Agli inizi del XX Secolo la motocicletta incontra lo stile e l’ingegno italiani con la nascita delle prime aziende artigianali: inizia una storia di passione che non ebbe mai più fine. Nel 1909 nasce la Gilera, seguita dalla Ferrera nel 1913 e dalla intramontabile Moto Guzzi nel 1921 con la costituzione della “Società Anonima Moto Guzzi“. Soci dell’impresa furono Emanuele Vittorio Parodi, armatore genovese, il figlio Giorgio e l’amico Carlo Guzzi, ex commilitone nella Regia Aviazione insieme all’amico Giovanni Ravelli, aviatore come lo stesso Parodi, deceduto l’11 agosto 1919 durante un volo di collaudo. Ed ecco perché l’Aquila ad ali spiegate campeggia sui serbatoi di tutte le Moto Guzzi.

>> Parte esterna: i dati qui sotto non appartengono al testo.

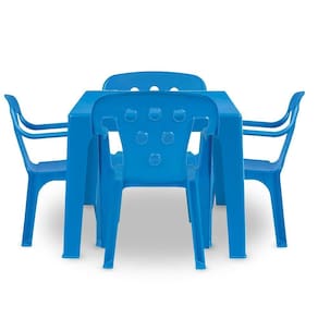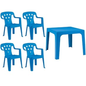 Kit Quatro Cadeiras Plásticas com Mesa Infantil Azul MOR
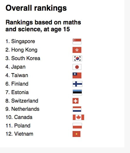 Lê lấy lại cái bảng này xếp hạng của thế giới về một số môn nhé. Nếu yếu kém thì rất khó để chen chân được Hàn Quốc, Nhật, Phần Lan, Đài Loan … thì ko thể nói là thuộc top yếu kém của thế giới hay của Đông Nam Á được
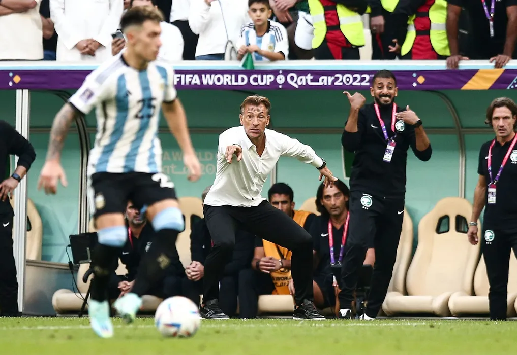 Herve Renard manager of Saudi Arabia (centre) Argentina v Saudi Arabia, FIFA World Cup 2022, Group C, Football, Lusail Stadium, Al Daayen, Qatar - 22 Nov 2022,Image: 739332486, License: Rights-managed, Restrictions: Editorial Use Only, Model Release: no
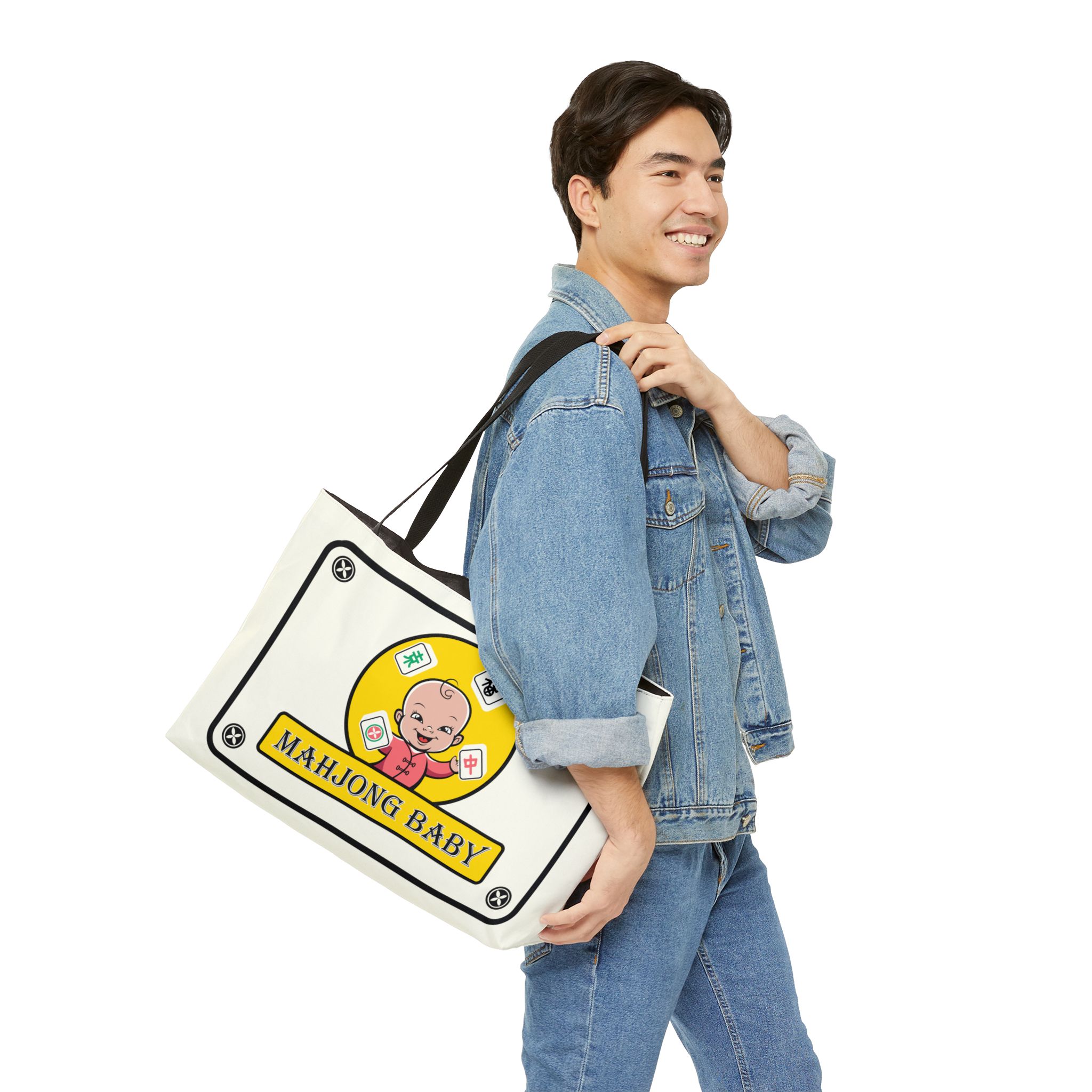 Mahjong Baby Tote Bag – Black | Cute Mahjong Tile Graphic Carryall in 3 Sizes

La prima motocicletta è la mitica Normale, con 8 CV di potenza. Seguono modelli di successo come la Guzzi G.T. del 1928, soprannominata “Norge” per il raid al Circolo Polare Artico, e l’Airone 250 (1939), per oltre 15 anni la “media cilindrata” più diffusa in Italia. Alcuni dei modelli Guzzi sono arrivati fino ai nostri giorni andando al passo con le evoluzioni tecnologiche e gli stili. Un intero capitolo della storia delle due ruote meriterebbe ad esempio Moto Guzzi V7, con due gloriosi modelli del passato, la “V7 Special” del 1969 e la “V7 Sport” del 1972 che rappresentano due importanti successi costruttivi nella storia del marchio Moto Guzzi giunti fino ai giorni nostri con il modello V7 III Stone.

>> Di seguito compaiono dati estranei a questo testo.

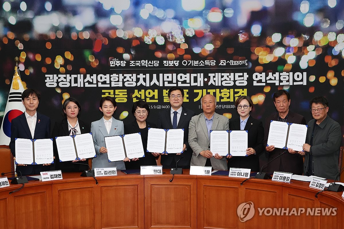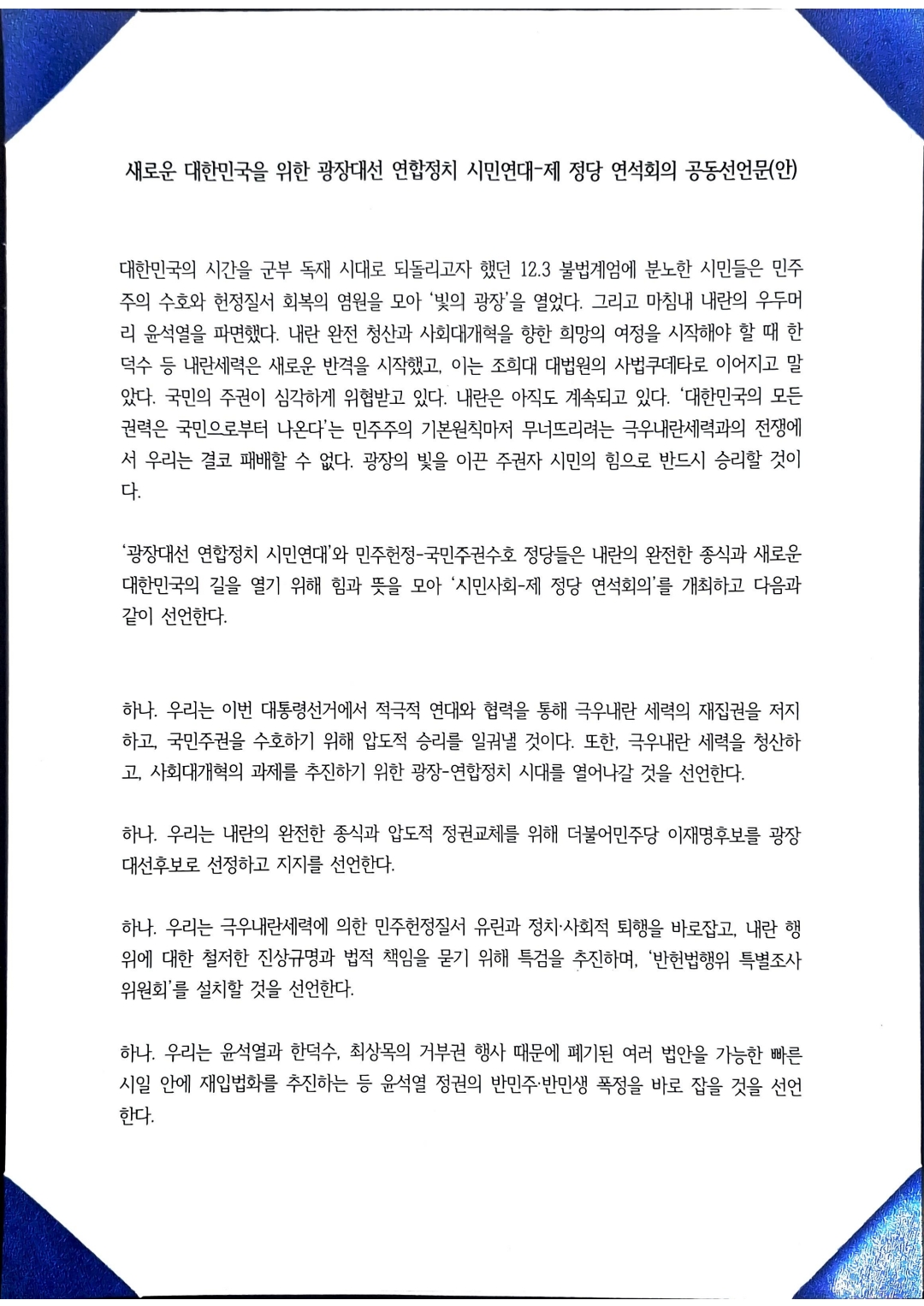 #광장대선 #공동선언문 #이재명 #후보단일화 #사회대개혁위원회 #정치개혁 #결선투표제 #국민참여형개헌 #진보결집 #보수분열
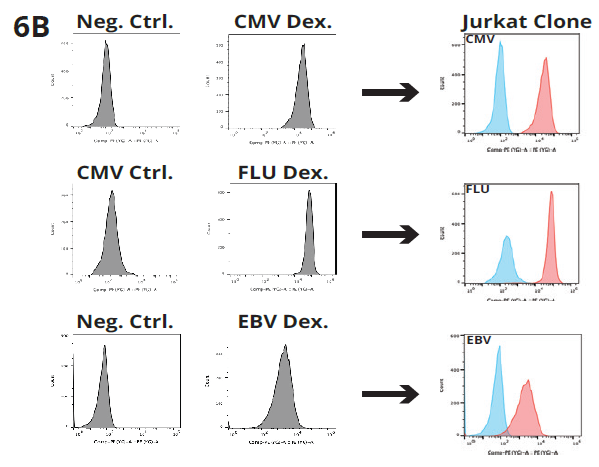 Figure 6B. Jurkat Reporter Clone staining with peptide-specific dextramer (CMV, FLU and EBV). FACS results show positive staining of Jurkat clone expressing peptide-specific TCR. Image Credit: Image courtesy of Alex Chenchik et al., in partnership with ELRIG (UK) Ltd.

Moto Guzzi V7 un capitolo di storia del motociclismo ``made in Italy``

Le due ruote iniziano a spopolare tra gli appassionati italiani: nel 1911 si costituì a Milano il primo Moto Club d’Italia, nel 1912 si organizzò il primo Campionato di Motociclismo e nel 1946 si costituì ufficialmente la Federazione Motociclistica Italiana. In pochi anni l’Italia il motociclismo italiano decollò e raggiunse i vertici mondiali.

Moto di massa

Nel secondo dopoguerra le due ruote divennero mezzo di trasporto di massa. Tra il 1950 e il 1960 in quasi tutte le famiglie italiane c’era una moto, una motoleggera (poi chiamata motorino) o uno scooter che prendono il posto della bicicletta. Oggi può sembrare difficile da credere, eppure la motorizzazione di massa avvenne grazie alle due ruote ben prima che all’automobile. Sono gli anni in cui, nell’immaginario collettico, la moto non era necessariamente per giovani o un lusso ma un mezzo di mobilità e trasporto.

Non a caso furono proprio questi gli anni in cui si afferma lo stile delle moto all’italiana come Gilera, Ducati, Benelli, Laverda, Parilla e Guzzi. Uno stile fatto di affidabilità, stabilità, semplicità nella manutenzione e nella guida. Gli scooter, come Lambretta e Galletto, furono un fenomeno tipico dell’industria italiana e nel caso di Vespa divennero un vero e proprio mito tricolore.

Solo l’avvento dell’industria automobilistica, a metà degli anni ’60, riuscì a strappare il primato alle due ruote come mezzo di trasporto della maggioranza della popolazione italiana. Da quel momento, come abbiamo detto, per spostarsi si usano le quattro ruote e le moto assumono la funzione spirituale di cui abbiamo accennato all’inizio dell’articolo: muovere l’animo!